Exercise aim: Your answer must be the lines from the one holding "Женщины ведут немецких" through the final line of the entries below, copied exactly, with no pictures.

(The input begins)

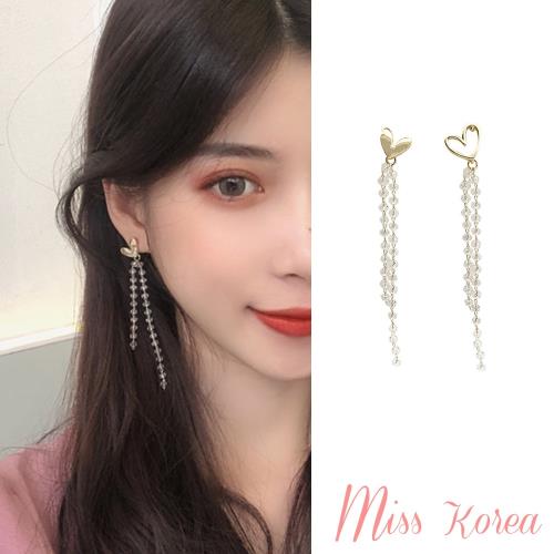 【MISS KOREA】韓國設計S925銀針不對稱愛心氣質水晶串鍊耳環
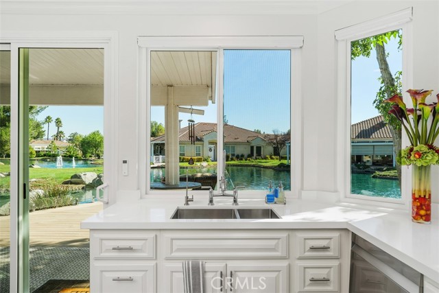 Lakefront unit with stunning 180 degree views. Located in the Country Club Lakes this unit has the prime location. Estimated at over 1900 sq ft after atrium enclosure, all on one single level. Fully remodeled unit from front to back with quality features and products including new windows throughout and new glass patio railing. Stunning kitchen with stainless steel appliances, lighting in upper glass door cabinets, custom crown molding, center island, quartz counters and see through fireplace. Living room with fireplace, lake views and slider leading to private patio. Separate dining room and office with french doors for privacy. Primary suite and en suite bath include: shutters, two separate closets, walk in shower, two separate sinks and center floating soaking tub……. better than going to the spa. Secondary bedroom with walk in closet and door to bathroom. Also featuring a den/3rd bedroom (no closet), your choice. Fabulous patio and extended decking over the lake perfect for entertaining or just relaxing. Two car garage plus golf cart garage with plenty of storage. This home is stunning on its own, add the premium location and it’s one of a kind….
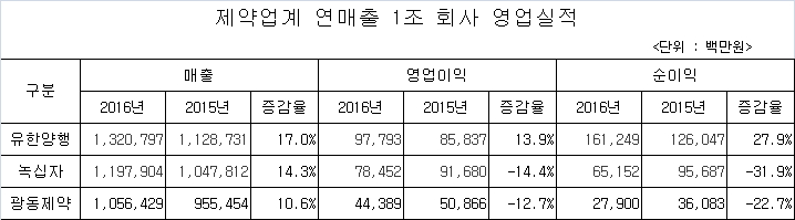 매출 1조원 이상인 3개제약사중 유한양행만 외형과 내실 모두 균형있는 성장을 한 것으로 분석됐다. 영업이익과 순이익은 2015년 대비 각각 13.9%와 27.9% 늘어난 978억과 1,612억원을 기록했다.
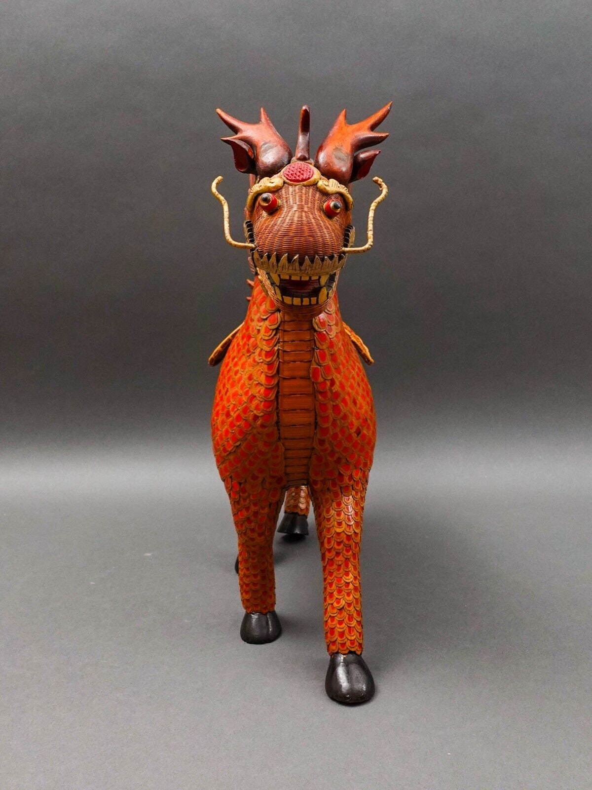 Shanghai Handicrafts Vintage Lacquer Wicker Bamboo Longma Dragon Basket (Read)
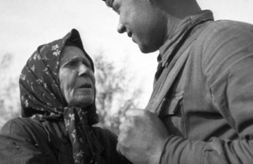 Женщины ведут немецких солдат Вернера Пеле и Курта Шпицнера, плененных в селе под Москвой. Декабрь 1941 г.
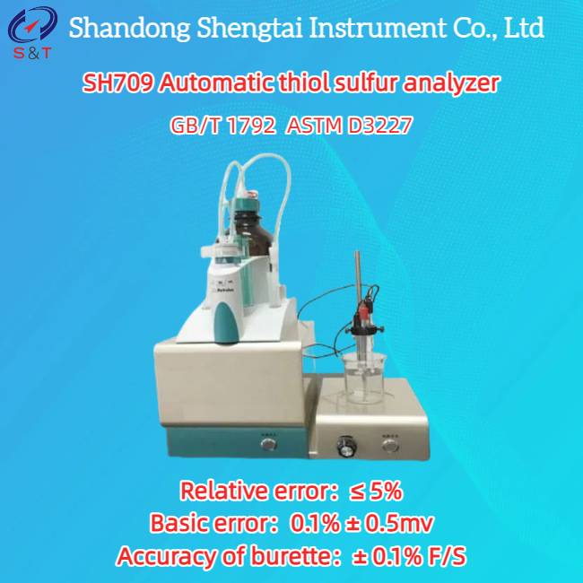 L'analizzatore di zolfo tiolico SH709 è conforme a standard come GB/T 1792 e ASTM D3227. Adatto per la determinazione dello zolfo tiolico in carburante per jet senza idrogeno solforato, benzina, cherosene e gasolio leggero. La determinazione dello zolfo tiolico è di grande importanza nella valutazione dell'odore del carburante per jet, della benzina, del cherosene e del gasolio leggero, dei suoi effetti negativi sui componenti in gomma dei sistemi di alimentazione e della sua corrosione sui sistemi di alimentazione.
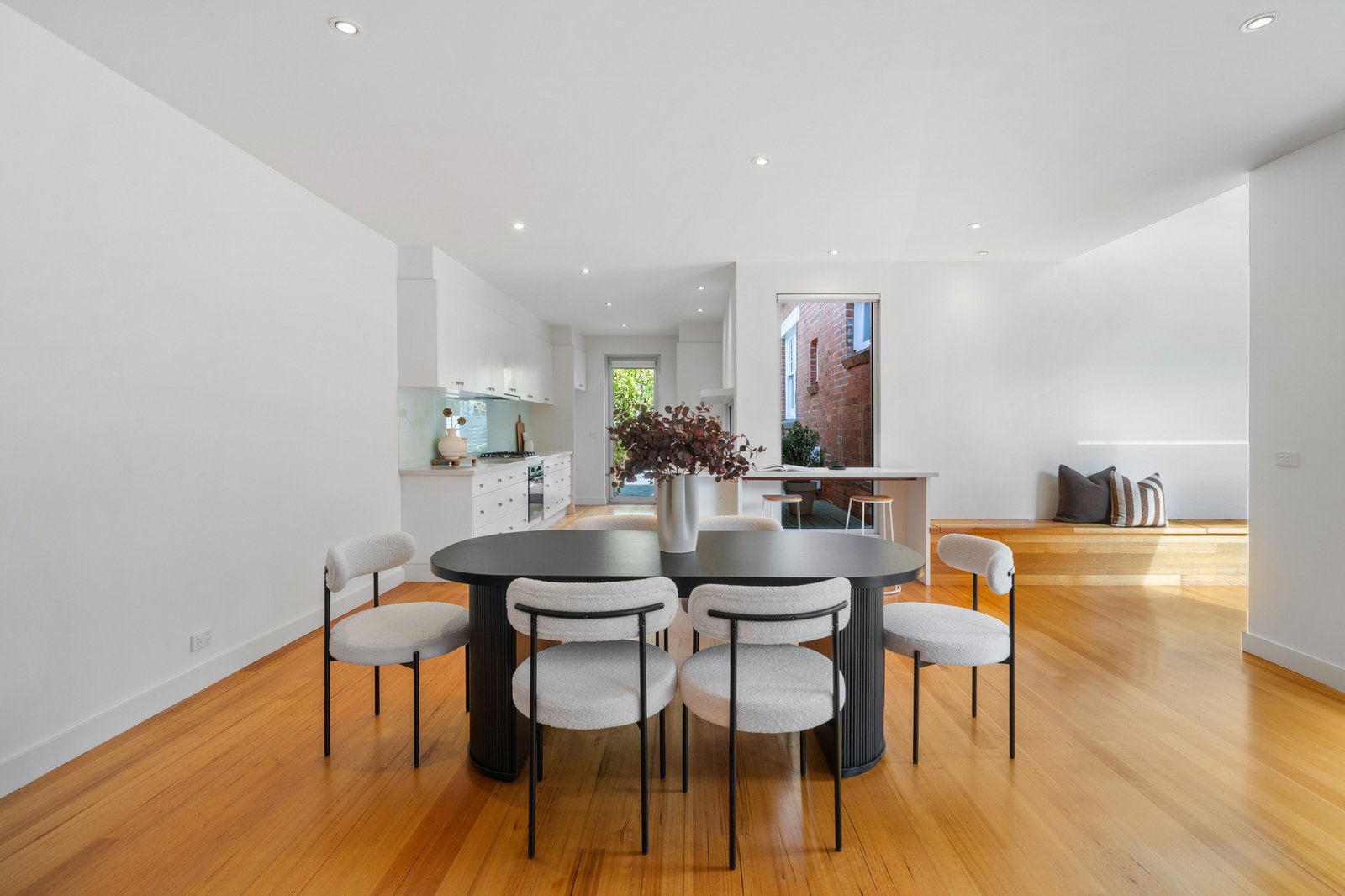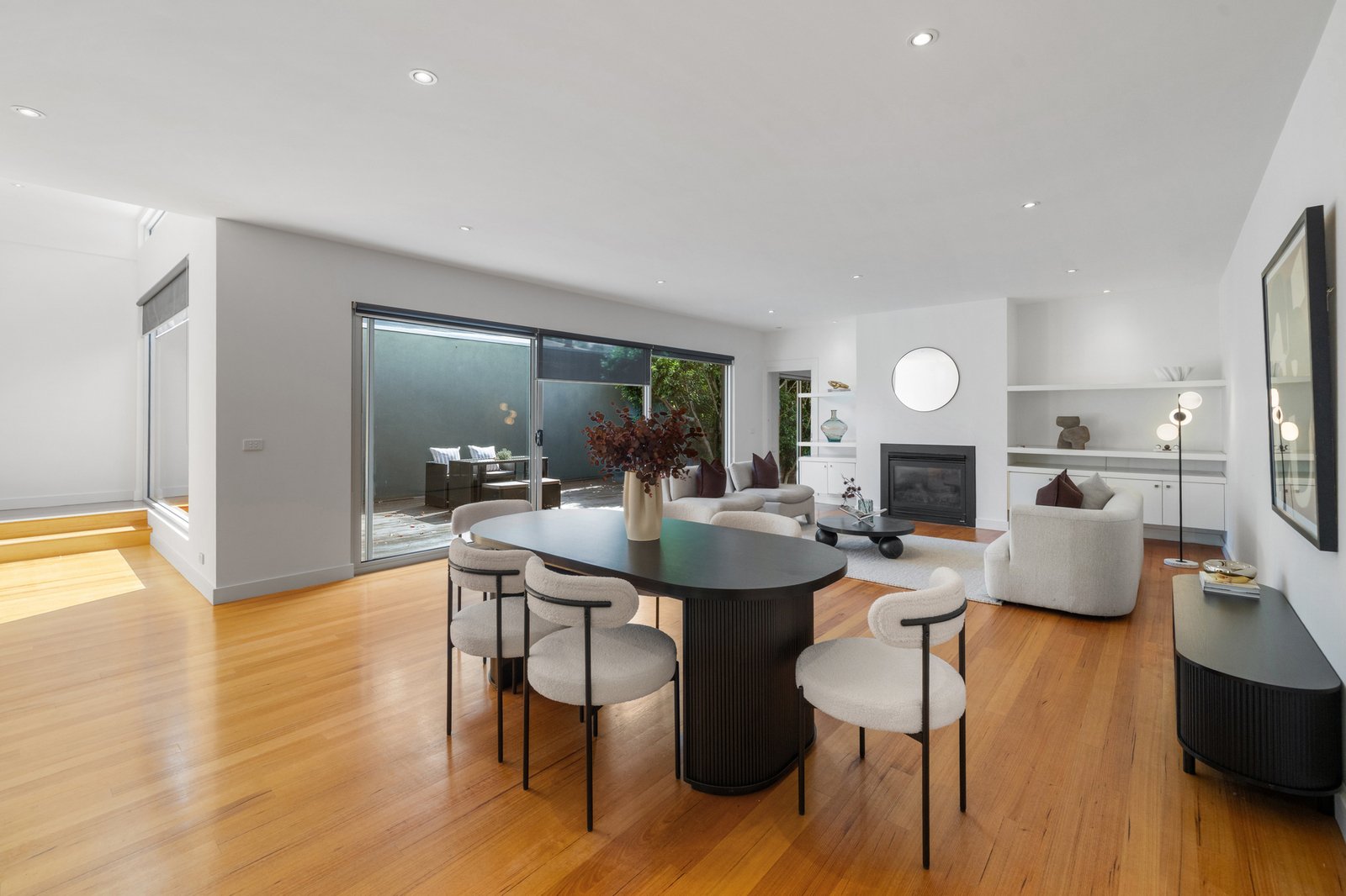 Positioned within one of Glen Iris’ most tightly held pockets, this beautifully presented brick home delivers effortless single-level living with a focus on light, flow and everyday comfort. Set behind a welcoming facade, the home unfolds into a generous open-plan living and dining zone where polished timber floorboards, crisp white walls and recessed lighting create a refined yet inviting atmosphere. A sleek built-in fireplace anchors the living space, while wide sliding doors extend the interior seamlessly to a private rear deck, enhancing the home’s strong indoor–outdoor connection.

(The input ends)

Reply:
 Женщины ведут немецких солдат Вернера Пеле и Курта Шпицнера, плененных в селе под Москвой. Декабрь 1941 г.
 L'analizzatore di zolfo tiolico SH709 è conforme a standard come GB/T 1792 e ASTM D3227. Adatto per la determinazione dello zolfo tiolico in carburante per jet senza idrogeno solforato, benzina, cherosene e gasolio leggero. La determinazione dello zolfo tiolico è di grande importanza nella valutazione dell'odore del carburante per jet, della benzina, del cherosene e del gasolio leggero, dei suoi effetti negativi sui componenti in gomma dei sistemi di alimentazione e della sua corrosione sui sistemi di alimentazione.
 Positioned within one of Glen Iris’ most tightly held pockets, this beautifully presented brick home delivers effortless single-level living with a focus on light, flow and everyday comfort. Set behind a welcoming facade, the home unfolds into a generous open-plan living and dining zone where polished timber floorboards, crisp white walls and recessed lighting create a refined yet inviting atmosphere. A sleek built-in fireplace anchors the living space, while wide sliding doors extend the interior seamlessly to a private rear deck, enhancing the home’s strong indoor–outdoor connection.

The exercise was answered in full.